++++ Records shown ++++

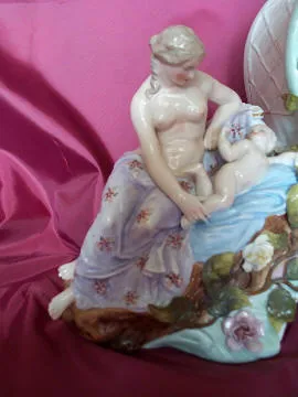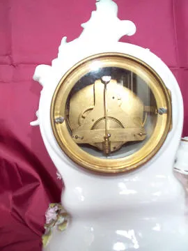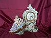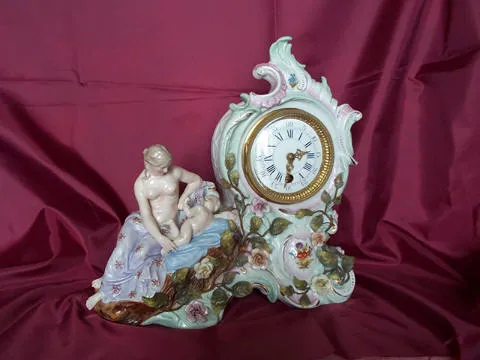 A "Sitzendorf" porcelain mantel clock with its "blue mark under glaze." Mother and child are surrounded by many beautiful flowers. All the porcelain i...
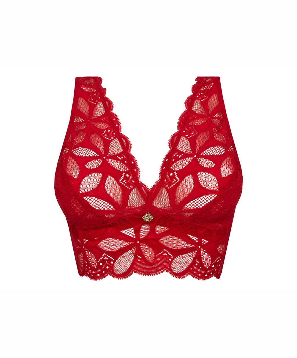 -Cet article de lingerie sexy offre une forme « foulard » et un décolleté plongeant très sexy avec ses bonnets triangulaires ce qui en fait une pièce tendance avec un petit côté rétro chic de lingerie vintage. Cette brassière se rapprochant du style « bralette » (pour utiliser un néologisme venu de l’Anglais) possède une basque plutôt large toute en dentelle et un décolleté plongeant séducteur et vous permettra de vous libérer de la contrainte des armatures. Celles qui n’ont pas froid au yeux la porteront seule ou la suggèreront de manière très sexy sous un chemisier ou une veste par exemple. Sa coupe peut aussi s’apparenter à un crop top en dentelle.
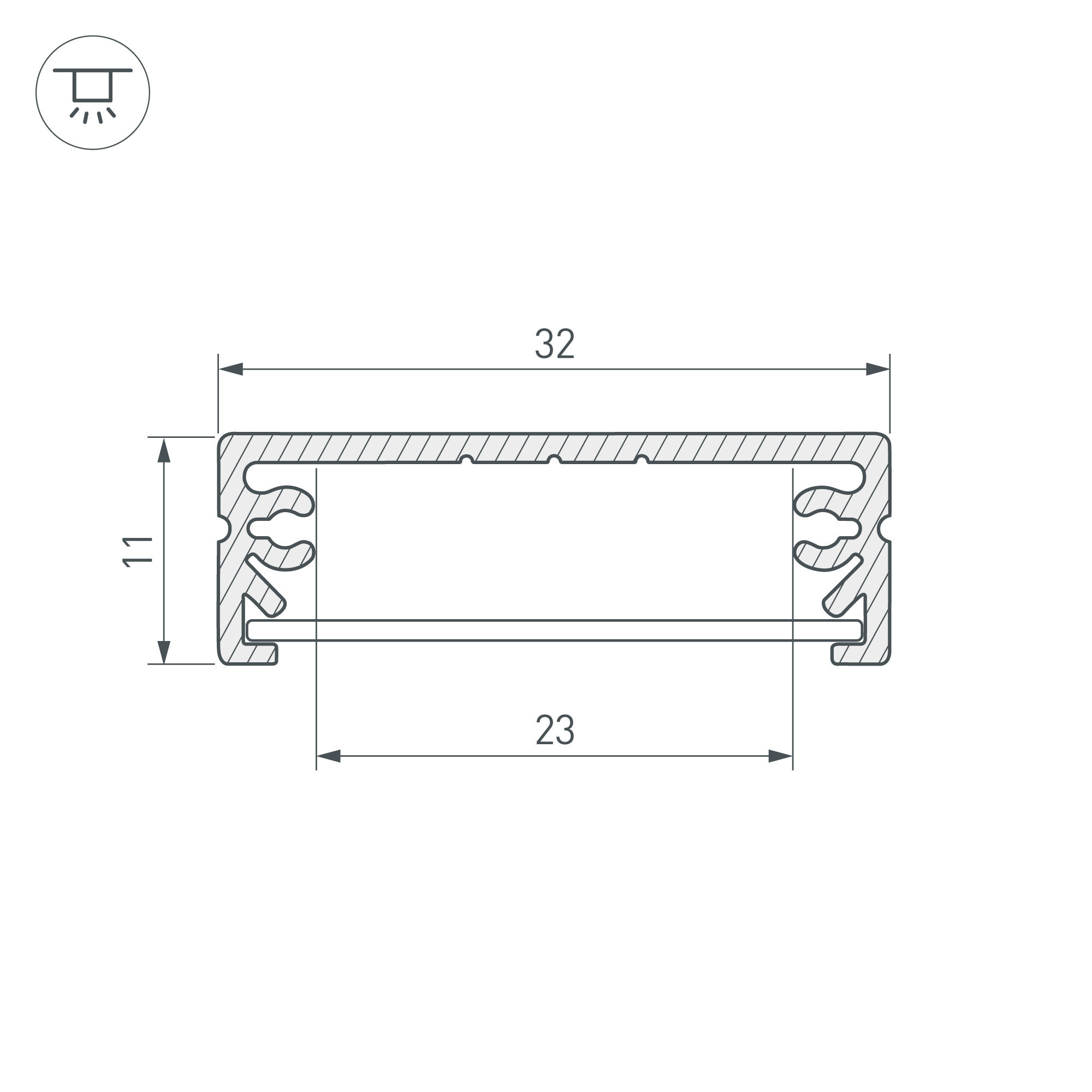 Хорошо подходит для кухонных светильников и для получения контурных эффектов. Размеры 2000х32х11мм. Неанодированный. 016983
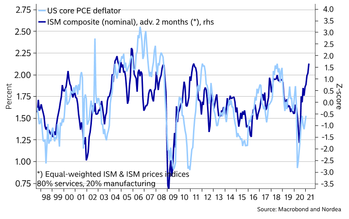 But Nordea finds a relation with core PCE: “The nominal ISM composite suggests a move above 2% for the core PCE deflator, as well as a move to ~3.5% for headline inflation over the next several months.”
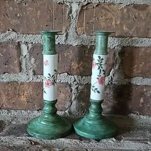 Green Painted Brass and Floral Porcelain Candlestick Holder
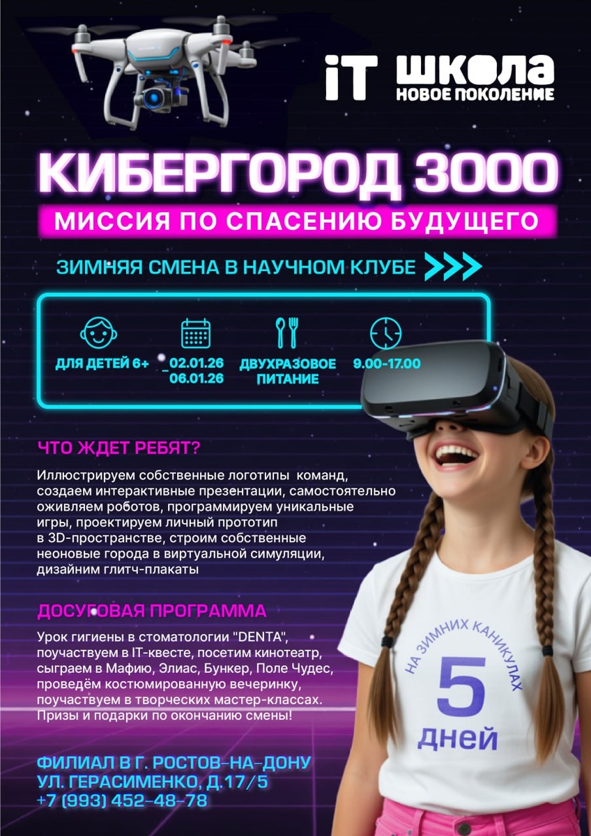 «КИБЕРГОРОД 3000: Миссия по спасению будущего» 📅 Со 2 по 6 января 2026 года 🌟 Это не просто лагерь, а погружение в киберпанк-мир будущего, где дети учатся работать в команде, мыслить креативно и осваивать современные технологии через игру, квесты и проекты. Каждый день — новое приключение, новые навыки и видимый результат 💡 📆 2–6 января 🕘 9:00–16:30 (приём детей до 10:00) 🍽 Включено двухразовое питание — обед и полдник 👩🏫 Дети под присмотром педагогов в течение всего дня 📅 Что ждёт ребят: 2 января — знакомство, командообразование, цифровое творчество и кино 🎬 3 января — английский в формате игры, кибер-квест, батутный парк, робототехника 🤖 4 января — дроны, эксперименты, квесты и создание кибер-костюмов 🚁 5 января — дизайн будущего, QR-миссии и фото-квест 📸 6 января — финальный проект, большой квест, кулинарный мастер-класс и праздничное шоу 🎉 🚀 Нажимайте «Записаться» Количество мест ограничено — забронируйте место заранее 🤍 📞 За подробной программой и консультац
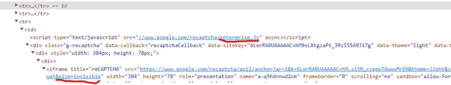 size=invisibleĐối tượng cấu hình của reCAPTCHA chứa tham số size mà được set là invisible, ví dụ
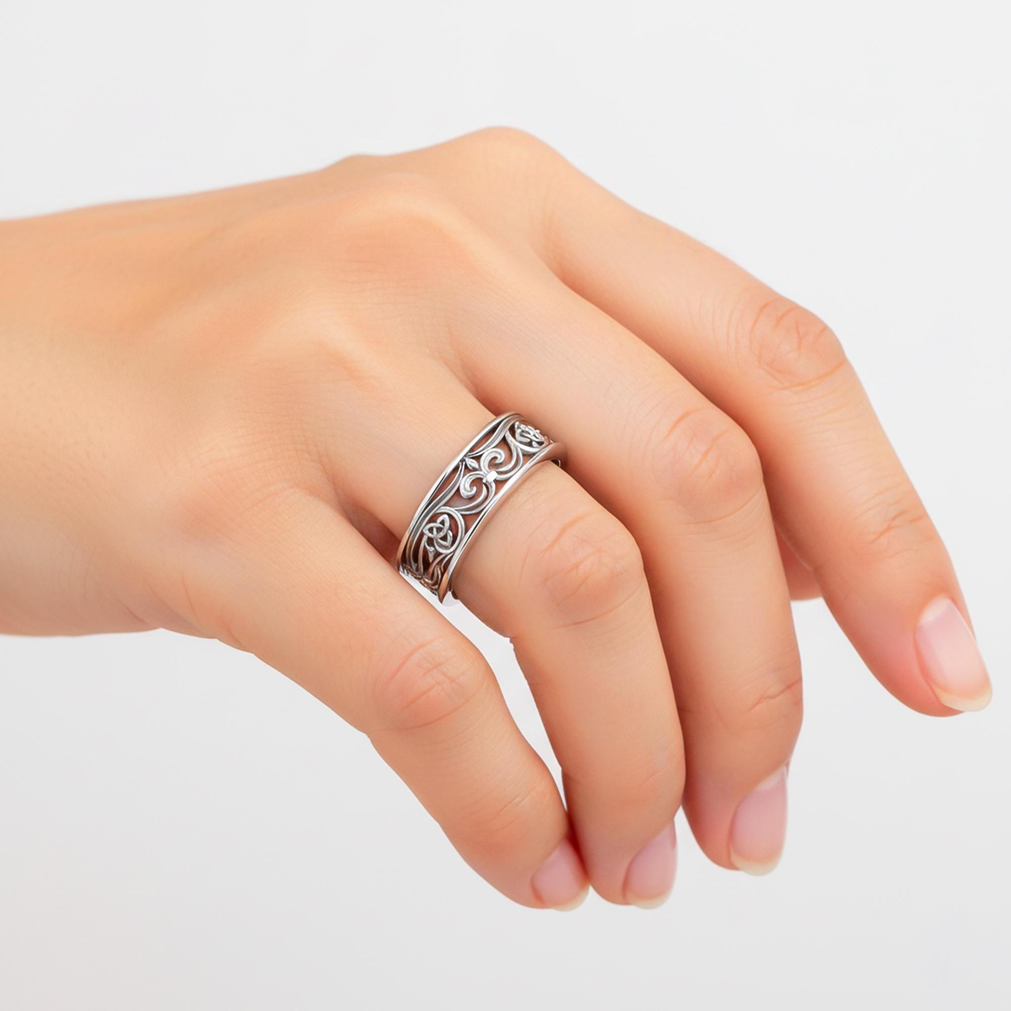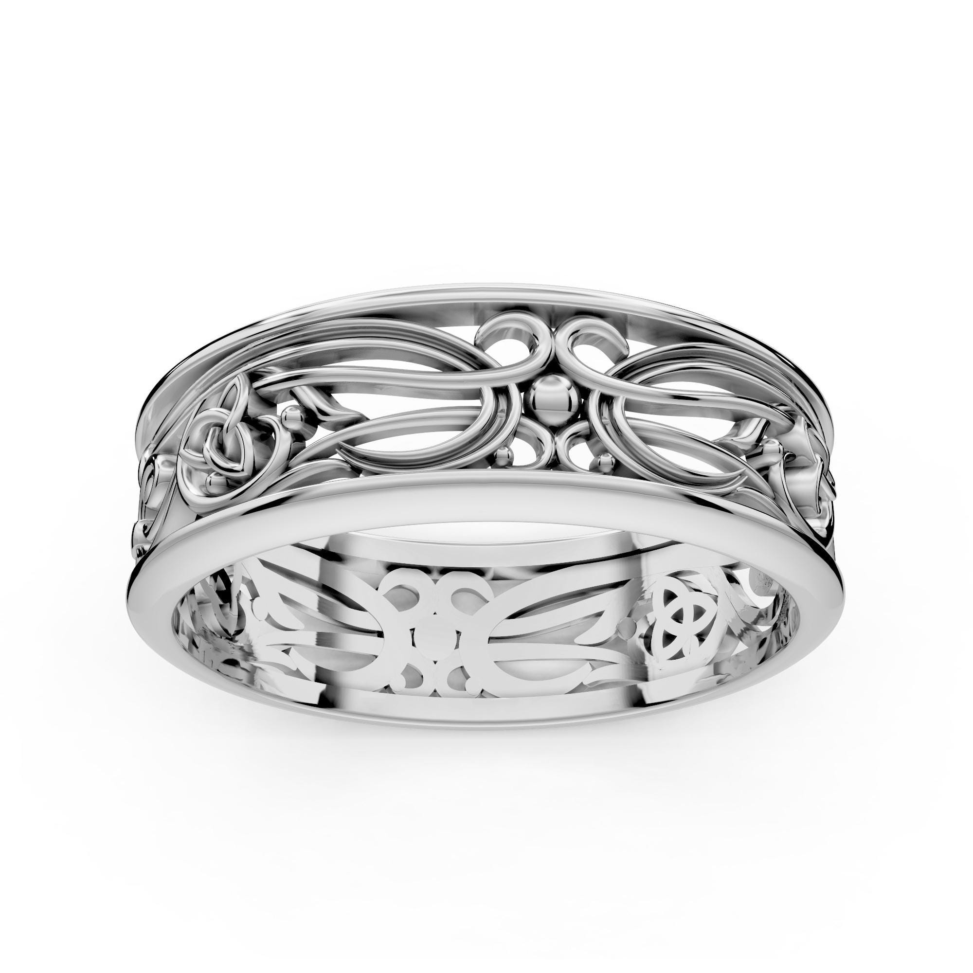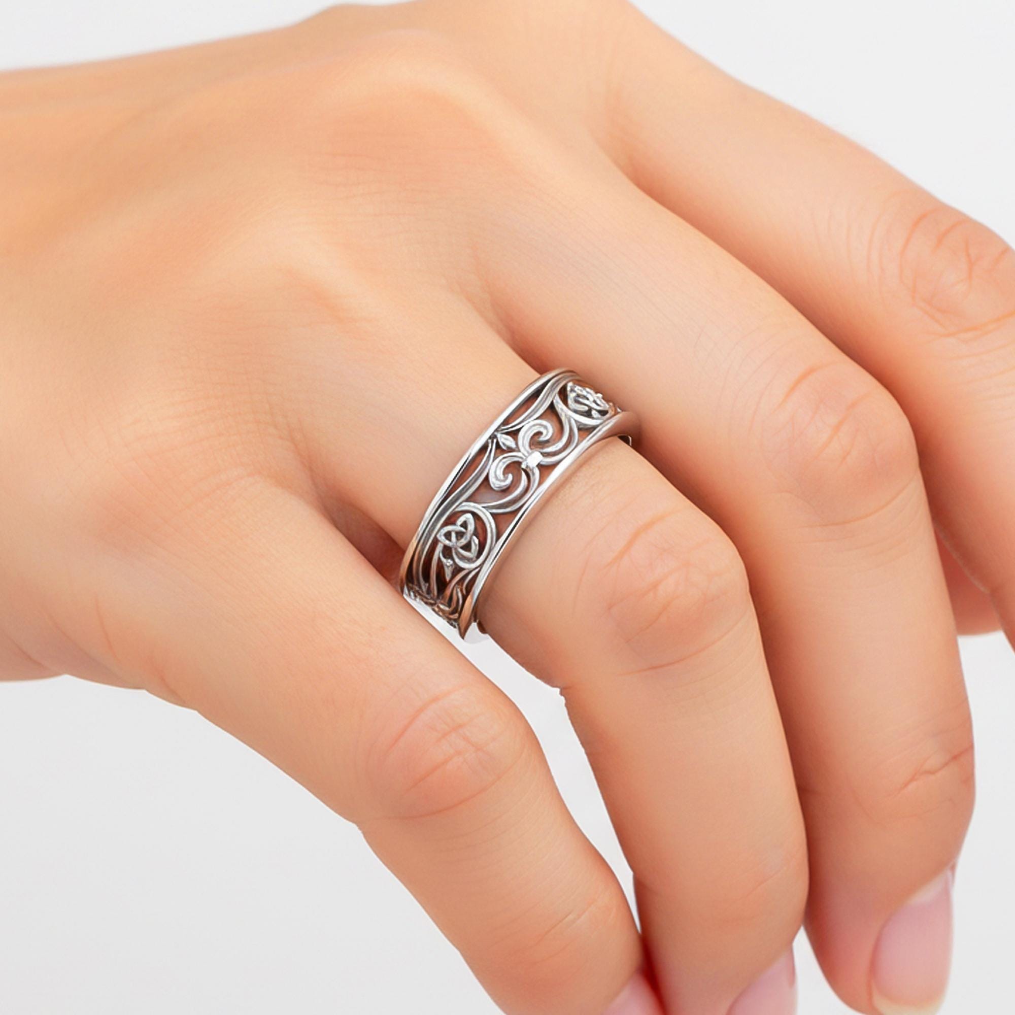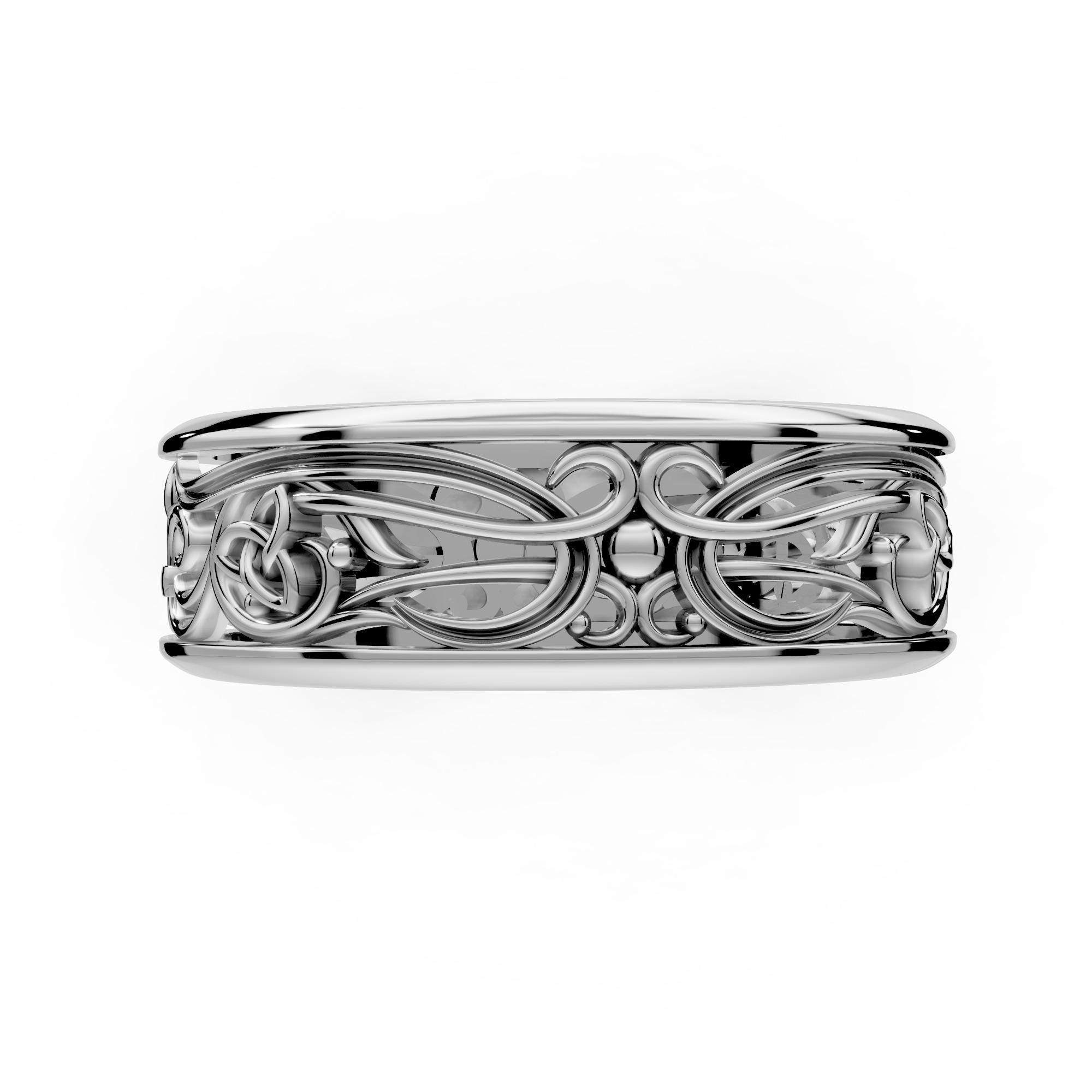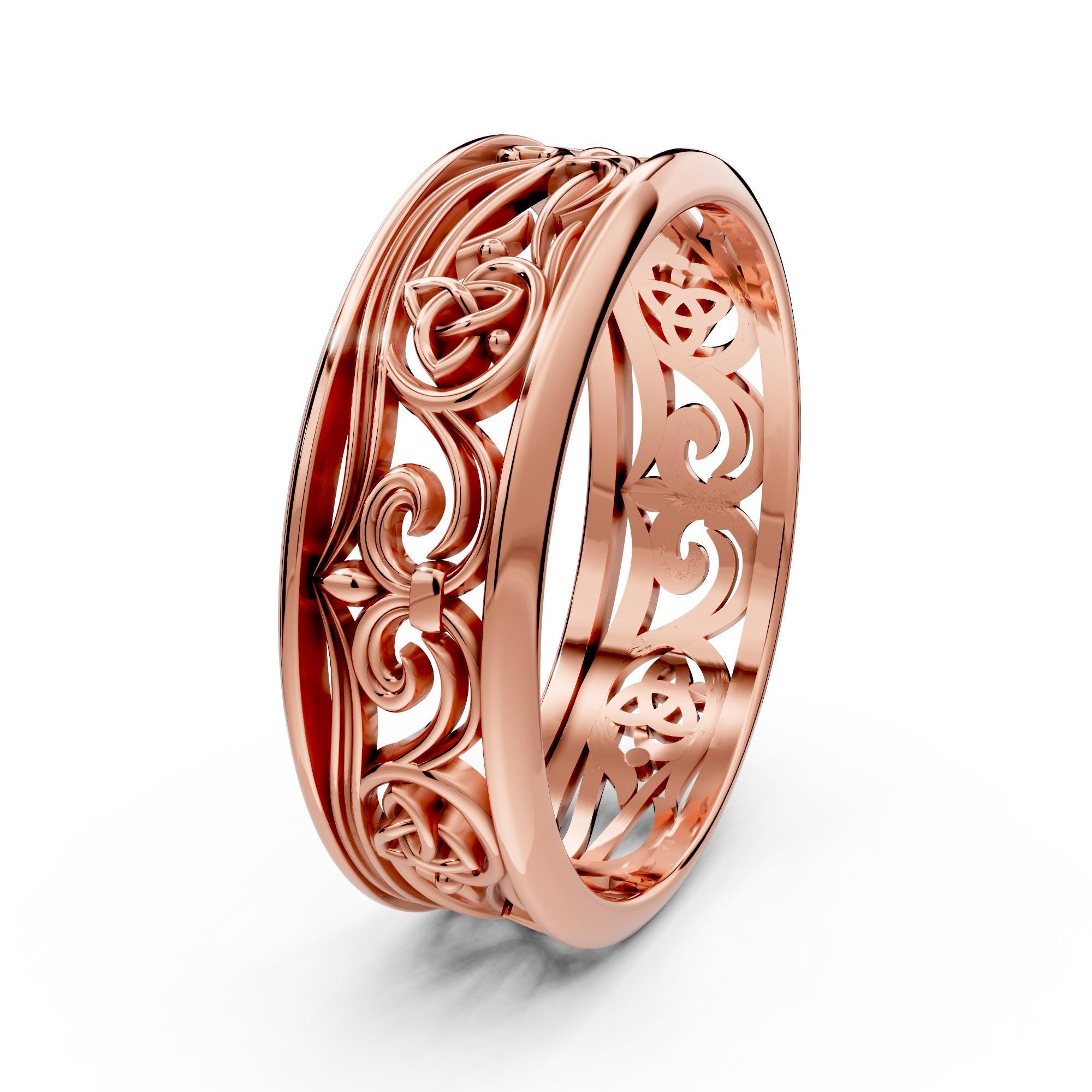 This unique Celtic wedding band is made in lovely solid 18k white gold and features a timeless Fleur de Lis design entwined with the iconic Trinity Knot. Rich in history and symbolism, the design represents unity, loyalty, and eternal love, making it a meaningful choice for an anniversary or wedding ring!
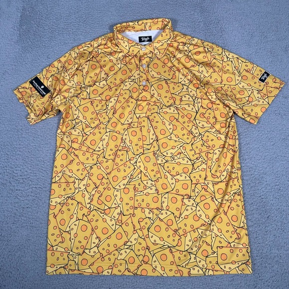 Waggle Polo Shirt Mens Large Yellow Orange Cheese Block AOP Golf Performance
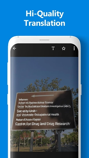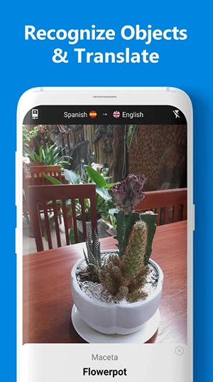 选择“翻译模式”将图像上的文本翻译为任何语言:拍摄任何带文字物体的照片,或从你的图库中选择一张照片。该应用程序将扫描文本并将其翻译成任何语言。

++++

- Your goal
Using the data above, output the line that has "Хорошо подходит для", the line that has "size=invisibleĐối tượng cấu", and whatever lines fall between, each exactly as it stands and without pictures.

- Answer to the problem
 Хорошо подходит для кухонных светильников и для получения контурных эффектов. Размеры 2000х32х11мм. Неанодированный. 016983
 But Nordea finds a relation with core PCE: “The nominal ISM composite suggests a move above 2% for the core PCE deflator, as well as a move to ~3.5% for headline inflation over the next several months.”
 Green Painted Brass and Floral Porcelain Candlestick Holder
 «КИБЕРГОРОД 3000: Миссия по спасению будущего» 📅 Со 2 по 6 января 2026 года 🌟 Это не просто лагерь, а погружение в киберпанк-мир будущего, где дети учатся работать в команде, мыслить креативно и осваивать современные технологии через игру, квесты и проекты. Каждый день — новое приключение, новые навыки и видимый результат 💡 📆 2–6 января 🕘 9:00–16:30 (приём детей до 10:00) 🍽 Включено двухразовое питание — обед и полдник 👩🏫 Дети под присмотром педагогов в течение всего дня 📅 Что ждёт ребят: 2 января — знакомство, командообразование, цифровое творчество и кино 🎬 3 января — английский в формате игры, кибер-квест, батутный парк, робототехника 🤖 4 января — дроны, эксперименты, квесты и создание кибер-костюмов 🚁 5 января — дизайн будущего, QR-миссии и фото-квест 📸 6 января — финальный проект, большой квест, кулинарный мастер-класс и праздничное шоу 🎉 🚀 Нажимайте «Записаться» Количество мест ограничено — забронируйте место заранее 🤍 📞 За подробной программой и консультац
 size=invisibleĐối tượng cấu hình của reCAPTCHA chứa tham số size mà được set là invisible, ví dụ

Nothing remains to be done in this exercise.